◆ **THE TASK**
In your copy, leave out the pictures and reproduce the listing below exactly.

◆ **SUPPLIED DATA**

⁂

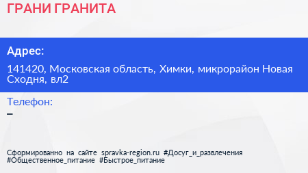 ГРАНИ-ГРАНИТА по адресу 141420, Московская область, Химки, микрорайон Новая Сходня, вл2 в дальнейшем Организация, размещена в следующих категориях:
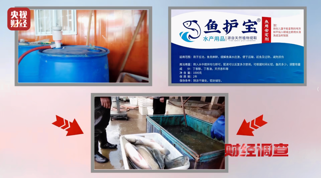 工人手中的这些液体瓶上写着“鱼护宝”,鱼用安定剂,成分丁香酚,属无生产日期、无生产厂家、无生产许可证的“三无”产品。
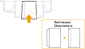 ส่วนนี้จะอธิบายถึงวิธีการใส่ซองจดหมายตามแนวที่คุณต้องการ รวมทั้งขั้นตอนที่คุณต้องทำให้เสร็จก่อนใส่ซองจดหมาย สำหรับคำอธิบายขั้นตอนทั่วไปในการใส่ซองจดหมายในถาดอเนกประสงค์ โปรดดูที่ การโหลดกระดาษในถาดอเนกประสงค์
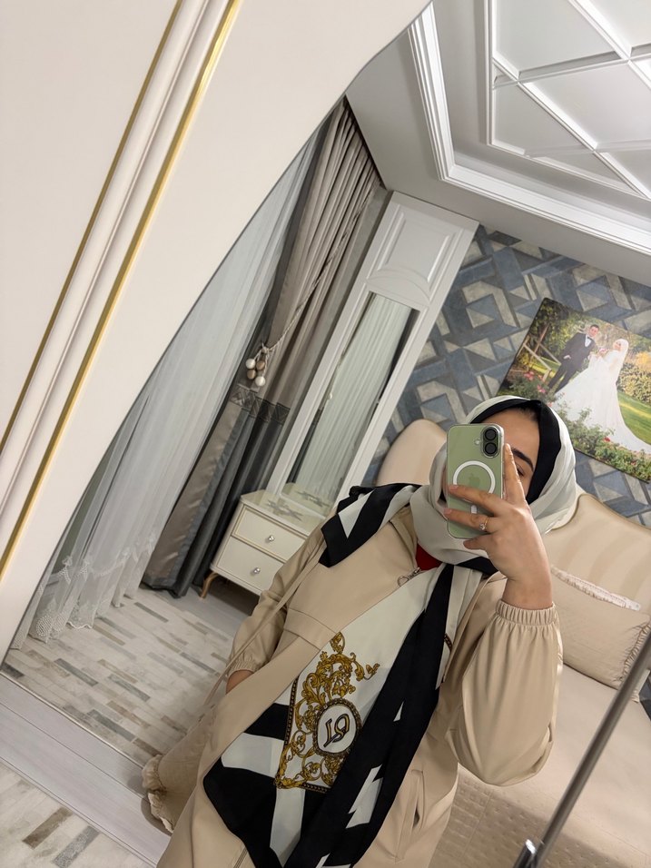Kadınlar için camel renginde, drapeli tasarıma sahip, yumuşak sentetik kumaştan yapılmış şal. Sokak modasına uygun ve mütevazı tarzda.

⁂

◆ **RESULT**
 ГРАНИ-ГРАНИТА по адресу 141420, Московская область, Химки, микрорайон Новая Сходня, вл2 в дальнейшем Организация, размещена в следующих категориях:
 工人手中的这些液体瓶上写着“鱼护宝”,鱼用安定剂,成分丁香酚,属无生产日期、无生产厂家、无生产许可证的“三无”产品。
 ส่วนนี้จะอธิบายถึงวิธีการใส่ซองจดหมายตามแนวที่คุณต้องการ รวมทั้งขั้นตอนที่คุณต้องทำให้เสร็จก่อนใส่ซองจดหมาย สำหรับคำอธิบายขั้นตอนทั่วไปในการใส่ซองจดหมายในถาดอเนกประสงค์ โปรดดูที่ การโหลดกระดาษในถาดอเนกประสงค์
Kadınlar için camel renginde, drapeli tasarıma sahip, yumuşak sentetik kumaştan yapılmış şal. Sokak modasına uygun ve mütevazı tarzda.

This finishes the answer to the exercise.